Graphs are plotted using the means and sem of 6 groups for the CO2/O2 measurements and for 3 groups for the growth measurements.

https://doi.org/10.1371/journal.pone.0030053.g002

Growth

Metabolic rate and cell number did not co-vary in a simple linear manner (Figures 1A and 2A). When grown in either 2% dextrose or 3% galactose, both strains showed a growth pattern in which the number of cells continued to increase well after the metabolic rate began a sharp decline (Figure 1A and 2A).

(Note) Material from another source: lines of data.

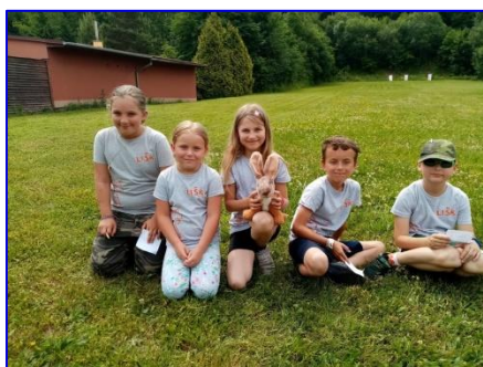
Okresní kolo soutěže Zlatá srnčí trofej

Letošní školní rok nebyl díky nepříznivé epidemiologické situaci volnočasovým aktivitám vůbec nakloněn a z důvodu vládních nařízení jsme bohužel nerealizovali žádné z pravidelných setkání. Přesto jsme nezaháleli a soustředili jsme naši aktivitu do přípravy stezek pro rodiče s dětmi v okolí naší obce, zapojili jsme se do péče o obecní zeleň v extravilánu obce a zúčastnili jsme se okresního kola soutěže „O zlatou srnčí trofej“.
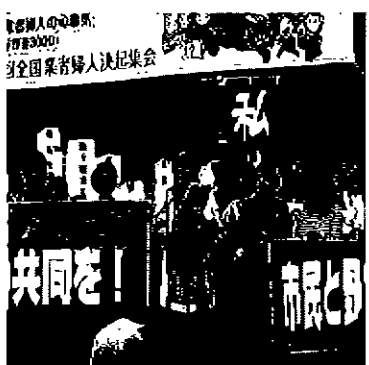
「市民と野党の共闘で勝利！」 飛田野県婦協副会長(三条)と県内の婦人部代表が舞台上

新潟県からは、飛田野県婦協副会長(三条)が、「衆議員選挙で、市民と野党の共闘で勝利した新潟4区のただかい」を報告。大きな拍手と歓声につつまれました。
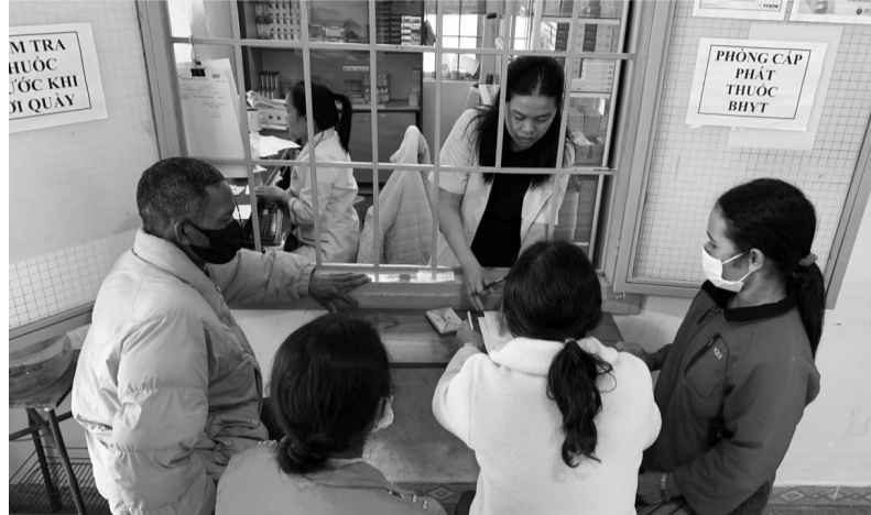
Cấp phát thuốc BHYT tại tuyến y tế cơ sở.

UBND tỉnh Lâm Đồng vừa ban hành kế hoạch thực hiện Chiến lược quốc gia về phòng, chống kháng thuốc giai đoạn 2024-2030, tầm nhìn đến năm 2045 kiểm soát cơ bản tình trạng kháng thuốc trên địa bàn tỉnh; có hệ thống giám sát kháng thuốc, sử dụng, tiêu thụ kháng sinh của tỉnh hoạt động hiệu quả.
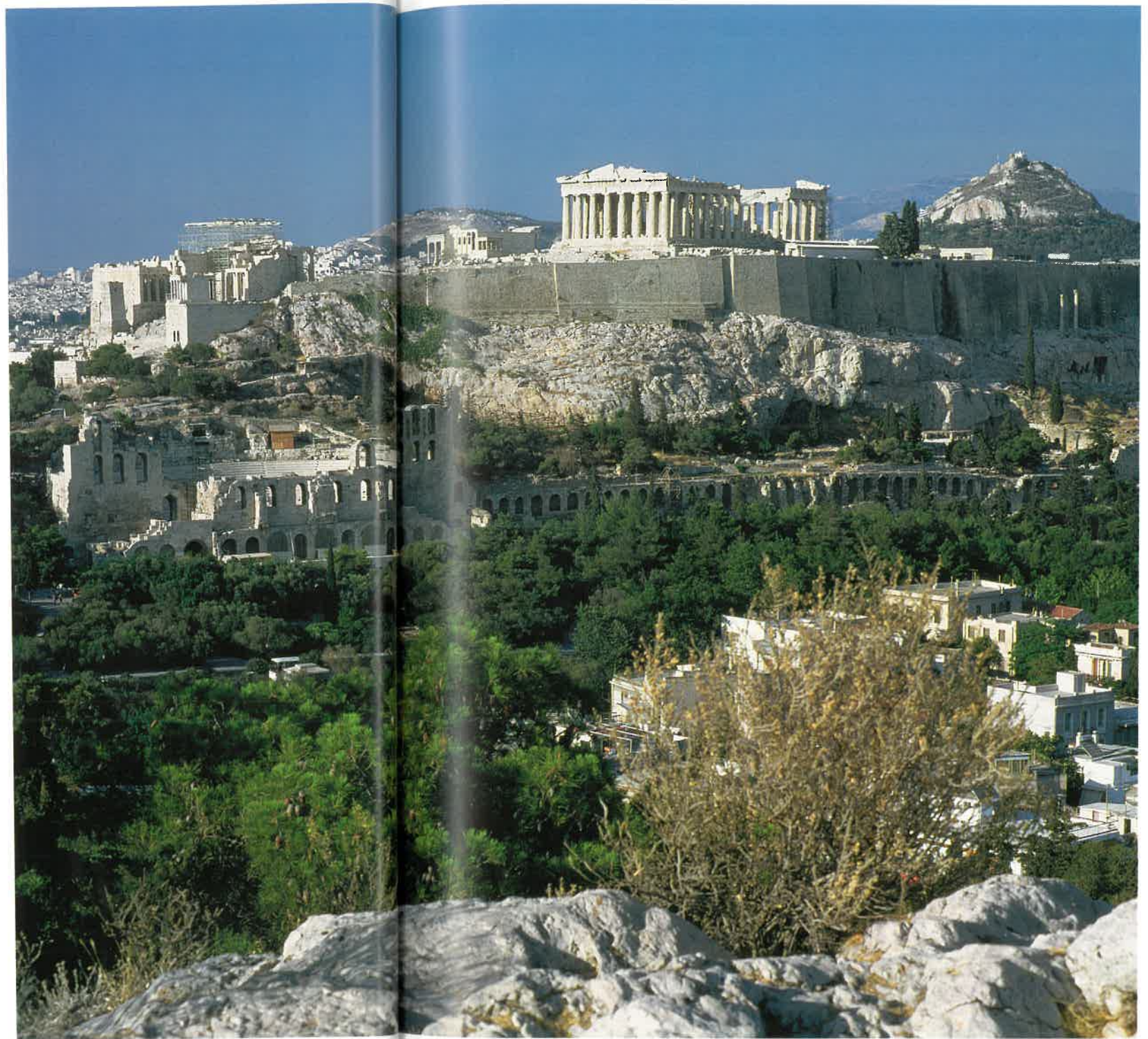
I baggrunden ses Parthenontemplet på Athens akropolis.

Kunne man spørge nogle af alle disse mennesker, hvilke forventninger de havde til livet og fremtiden, ville man naturligvis få mange forskel-

The highest maximum specific growth rates per hour (also called the growth rate constant) were in dextrose (µ = 0.60 for BY and RM), slightly lower in galactose (µ = 0.47 for BY, and 0.40 for RM). The difference in maximum specific growth rates of the two strains for growth in galactose was not significant (Student t-test, maximum µ, BY = 0.480±0.059; RM = 0.402±0.018. P = 0.28, df = 4). The growth rates of the two strains in galactose was also compared during 7 time points during the first 24 hours of active growth and were not significantly different (Paired t-test, mean µ, BY = 0.303±0.059; RM = 0.292±0.018. P = 0.60, df = 6). The growth rates on dextrose and galactose reported here are consistent with the growth rates expected on these different carbon sources [7], [9], [31], [37], [38].

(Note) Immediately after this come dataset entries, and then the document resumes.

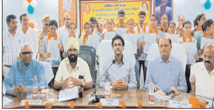
लक्ष्य पर ध्यान केंद्रित करते हुए अपनी प्रतिभा को निखारते रहना चाहिए। उन्होंने कहा कि जिन विद्यार्थियों के
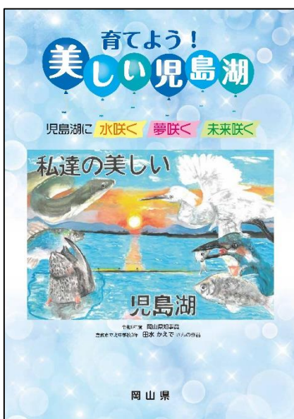
児島湖パンフレット
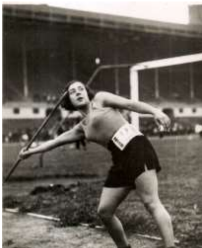
Ilustración 8. Lanzamiento de jabalina, II Campeonatos Nacionales de Atletismo, estadio de Montjuïc, Barcelona 1932.
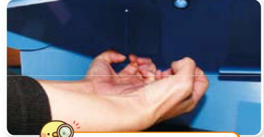
きれいになったかな?
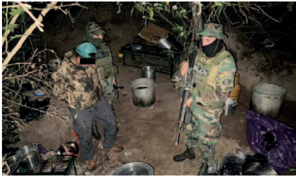
El implicado capturado durante el operativo

en medio del monte una carpa, pero los narcotraficantes, al percibir la presencia policial, huyeron; sin embargo, uno de ellos fue alcanzado cuando estaba cerca del establecimiento donde elaboraba la droga.
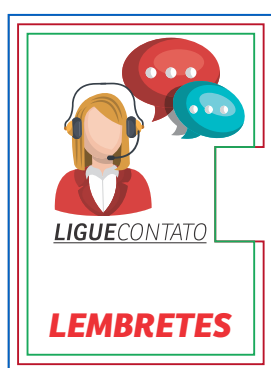
Página 01 Impressão
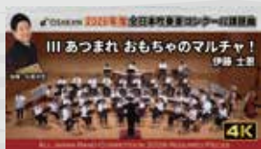
III あつまれおもちゃのマルチャ! 伊藤 士思
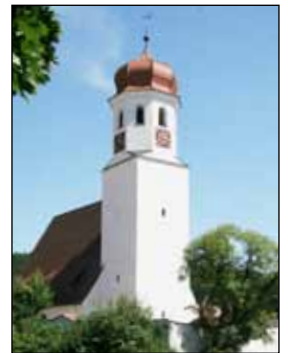
St. Peter und Paul Halsbach
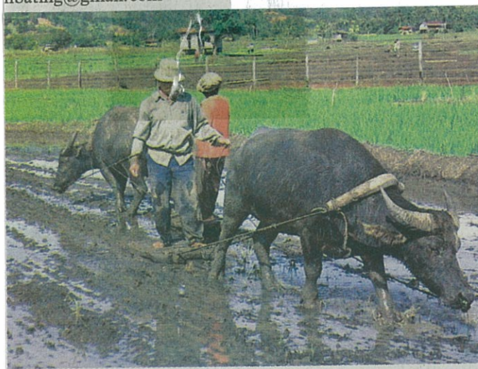
MAGUS (Ogos) ketika membajak sawah untuk tanaman padi.

K ALENDAR Kadazandusun memiliki sistem pengiraan berdasarkan astronomi dan dinamakan mengikut kitaran hidup rama-rama serta musim-musim penanaman padi sawah. Hari-hari dalam seminggu diasaskan kepada kitaran hidup rama-rama. Tontolu adalah Isnin, Mirod (Selasa), Madsa (Rabu), Tadtaru (Khamis), Kurudu (Jumaat), Kukuak (Sabtu) dan Tiwang (Ahad).

The effect of dextrose levels on metabolic rate

Yeast metabolic rate, measured both as CO2 production (Figure 3) and O2 consumption (Figure 4) increased exponentially over the 4 h time course in the 5 higher dextrose levels. The yeast grown in 0.1% dextrose had an initial increase in metabolic rate similar to the groups in higher dextrose. However, the exponential increase in metabolic rate of this group ended after 1–2 h, probably due to the depletion of the available dextrose. The pattern of increase in metabolic rate was very similar between BY and RM strains (Figure 3 and 4).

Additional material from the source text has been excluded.